Have You Experienced Social Stigma Because Of SMA? How Have You Handled These Situations?
Father,
Please forgive them, for they know not what they do.
Amen
Just be your self and do something you love to do
I’m not sure if I’m experiencing social stigma due to SMA specifically or just to being disabled and in a motorized wheelchair. My younger brother and I both have SMA-2 and use motorized wheelchairs. People can’t get enough of staring at us whenever we’re out together and with our family and friends. I’m used to being stared at when I’m on my own. But with my brother, it’s like we’re a circus freak act or something. I try to ignore it but I can’t help but feel hurt.
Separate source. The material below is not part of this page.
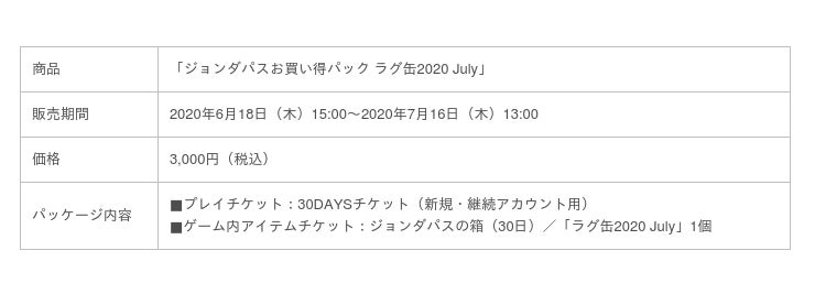 冒険に役立つサポート魔法やダンジョンなどへの転送サービス、HP&SP回復サービスなどが何度でも利用できるようになるスペシャルアイテム「ジョンダパス」。その「ジョンダパス(30日)」に「30DAYSチケット(新規・継続アカウント用)」と「ラグ缶2020 July」1個分がセットになったお得なパッケージを、2020年6月18日(木)より販売開始いたします!

His girlfriend gets mad at people and sometimes tells them off. I just hold in my pain and anger. I’ve become very anxious about going outside and being among people now. I’m like a hermit now. I just feel ashamed and embarrassed of myself and I feel bad for people who are with me. I feel like I’m embarrassing them with my presence. I know it’s not true but my self esteem is very damaged now and I’m not sure what to do to feel “normal.” 🥺
At one point there was an issue at a new school we went to but we left and went back to old school the kids were just rude and the principle didn't seem to care. But on the normal everything is good everybody knows her and loves her I'm just her mom😊
I never experienced much social stigma in school growing up...perhaps because i walled myself off from it staying blissfully unaware. Awareness really did not begin to seep in until college, but college too is such an unreal world, i could largely ignore it. It was after college in my first job it hit me like a ton of bricks...ironically in a job in the governor's office to help people with disabilities become employed. I soon realized that the system is designed to stigmatize the disabled...a machine designed to make us be quiet and disappear isolated from everyone in the false pretence of help that comes at a high price.